Langkah Praktis untuk Firma Hukum & Startup di Indonesia

Kalau ingin meniru semangat LeaseChat, berikut langkah realistis yang bisa diambil dalam 3–6 bulan:

  1. Pilih satu jenis dokumen saja
    Misalnya: perjanjian sewa apartemen, kontrak kerja staf, atau perjanjian jasa.

  2. Kumpulkan 30–100 contoh dokumen (di‑anonimkan)
    Dari klien (dengan izin), dari arsip internal, atau dari template publik.

  3. Definisikan output yang diinginkan:

    • Informasi apa saja yang harus diekstrak? (nilai, tanggal, pihak, pasal kunci)
    • Risiko apa yang mau ditandai? (denda tinggi, pengalihan kewajiban, dll.)
    • Draft dokumen apa yang mau dihasilkan? (surat, email, notulen)
  4. Gunakan platform no‑code/low‑code + AI
    Berdayakan internal lawyer yang tech‑savvy sebagai product owner.

  5. Uji dengan 10–20 pengguna nyata
    Bisa karyawan internal, klien terpilih, atau relawan. Amati:

    • Bagian mana yang mereka anggap paling berguna.
    • Di mana mereka bingung atau tidak percaya.
  6. Bangun mekanisme review pengacara
    Ini krusial: AI membantu, tapi pengacara tetap final gatekeeper.

Di titik ini, Anda belum perlu bicara soal “AI menggantikan pengacara”. Yang terjadi sebenarnya adalah AI menggantikan kerja manual berulang, sehingga pengacara bisa fokus ke:

  • Negosiasi
  • Strategi sengketa
  • Nasihat bisnis bernilai tinggi

Dan di sisi lain, masyarakat yang sebelumnya tidak sanggup bayar jasa pengacara penuh bisa tetap mendapat bantuan dasar yang layak.


Penutup: Masa Depan LegalTech Bisa Datang dari Kelas-kelas Hukum Kita

LeaseChat menunjukkan satu hal penting: inovasi LegalTech tidak harus lahir dari raksasa teknologi; bisa datang dari mahasiswa hukum yang diberi akses AI dan ruang untuk bereksperimen.

Bagi Indonesia, peluangnya terbuka lebar.

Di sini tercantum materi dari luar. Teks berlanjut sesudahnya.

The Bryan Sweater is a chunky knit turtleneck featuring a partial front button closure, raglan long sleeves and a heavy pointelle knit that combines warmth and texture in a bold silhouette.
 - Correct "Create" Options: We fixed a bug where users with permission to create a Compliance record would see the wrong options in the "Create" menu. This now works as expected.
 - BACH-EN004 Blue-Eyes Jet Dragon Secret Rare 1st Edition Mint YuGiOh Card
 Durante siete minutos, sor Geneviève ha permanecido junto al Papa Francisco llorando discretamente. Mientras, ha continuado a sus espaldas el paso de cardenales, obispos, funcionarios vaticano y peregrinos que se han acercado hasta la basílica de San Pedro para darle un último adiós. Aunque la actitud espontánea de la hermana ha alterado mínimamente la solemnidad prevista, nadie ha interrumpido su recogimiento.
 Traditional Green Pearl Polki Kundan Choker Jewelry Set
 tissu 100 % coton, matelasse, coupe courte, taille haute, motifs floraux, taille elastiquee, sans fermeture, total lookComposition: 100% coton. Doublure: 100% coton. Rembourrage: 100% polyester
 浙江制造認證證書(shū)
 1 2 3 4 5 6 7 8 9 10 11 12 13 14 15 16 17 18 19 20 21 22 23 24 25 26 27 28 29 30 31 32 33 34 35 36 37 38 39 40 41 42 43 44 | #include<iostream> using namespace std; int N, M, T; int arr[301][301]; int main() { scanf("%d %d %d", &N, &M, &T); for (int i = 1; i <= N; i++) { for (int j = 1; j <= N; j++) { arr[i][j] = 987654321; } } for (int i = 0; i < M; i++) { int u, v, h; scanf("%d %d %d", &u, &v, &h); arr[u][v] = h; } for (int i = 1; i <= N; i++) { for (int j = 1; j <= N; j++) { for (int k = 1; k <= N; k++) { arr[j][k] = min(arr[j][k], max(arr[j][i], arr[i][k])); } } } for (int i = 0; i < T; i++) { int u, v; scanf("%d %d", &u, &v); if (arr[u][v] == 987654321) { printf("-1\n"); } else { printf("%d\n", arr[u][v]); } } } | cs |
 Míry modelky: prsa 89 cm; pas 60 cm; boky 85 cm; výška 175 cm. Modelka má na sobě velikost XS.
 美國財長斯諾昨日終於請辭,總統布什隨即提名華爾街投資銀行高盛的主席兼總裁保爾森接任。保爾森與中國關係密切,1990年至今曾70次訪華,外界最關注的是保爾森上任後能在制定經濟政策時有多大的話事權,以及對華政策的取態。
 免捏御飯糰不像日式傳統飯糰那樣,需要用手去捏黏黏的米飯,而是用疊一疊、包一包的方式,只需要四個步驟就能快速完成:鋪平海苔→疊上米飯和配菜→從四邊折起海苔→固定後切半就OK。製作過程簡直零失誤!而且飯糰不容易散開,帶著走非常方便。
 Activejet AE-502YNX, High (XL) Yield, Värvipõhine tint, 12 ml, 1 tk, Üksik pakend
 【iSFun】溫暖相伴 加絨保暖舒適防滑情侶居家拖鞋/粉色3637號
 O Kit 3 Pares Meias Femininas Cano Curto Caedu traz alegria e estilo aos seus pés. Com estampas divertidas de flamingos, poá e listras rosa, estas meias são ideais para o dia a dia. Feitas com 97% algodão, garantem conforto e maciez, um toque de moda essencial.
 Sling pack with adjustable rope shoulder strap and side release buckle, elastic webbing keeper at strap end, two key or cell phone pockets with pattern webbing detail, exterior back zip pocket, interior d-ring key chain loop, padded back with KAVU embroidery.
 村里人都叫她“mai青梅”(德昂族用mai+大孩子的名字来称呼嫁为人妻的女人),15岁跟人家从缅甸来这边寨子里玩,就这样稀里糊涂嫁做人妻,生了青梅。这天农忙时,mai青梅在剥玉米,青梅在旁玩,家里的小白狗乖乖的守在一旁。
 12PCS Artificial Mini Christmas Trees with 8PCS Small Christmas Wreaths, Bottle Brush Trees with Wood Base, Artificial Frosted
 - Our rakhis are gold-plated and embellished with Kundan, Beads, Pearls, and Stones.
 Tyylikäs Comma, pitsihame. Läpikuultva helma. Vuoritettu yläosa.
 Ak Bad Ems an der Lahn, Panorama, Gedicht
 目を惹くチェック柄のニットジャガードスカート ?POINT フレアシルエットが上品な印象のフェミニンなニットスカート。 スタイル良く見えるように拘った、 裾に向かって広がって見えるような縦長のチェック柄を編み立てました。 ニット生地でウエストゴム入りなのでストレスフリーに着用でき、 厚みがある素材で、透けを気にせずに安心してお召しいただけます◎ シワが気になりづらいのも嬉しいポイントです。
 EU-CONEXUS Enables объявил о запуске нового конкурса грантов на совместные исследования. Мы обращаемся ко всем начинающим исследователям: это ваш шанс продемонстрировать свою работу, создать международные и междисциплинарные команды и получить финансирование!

Masalah hukum sehari‑hari—kontrak sewa, kontrak kerja, utang piutang—terlalu banyak untuk ditangani cara tradisional. AI untuk jasa hukum Indonesia bukan lagi soal “ikut tren”, tapi soal bagaimana:

  • Firma hukum menjadi lebih efisien dan terukur.
  • Masyarakat mendapat akses bantuan hukum dasar yang lebih merata.
  • Kampus hukum melahirkan lulusan yang bukan hanya bisa menafsir undang‑undang, tapi juga bisa membangun solusi.

Pertanyaannya sekarang bukan “apakah AI akan masuk ke dunia hukum Indonesia”, tapi: siapa yang mau memulai lebih dulu dan berani belajar sambil jalan?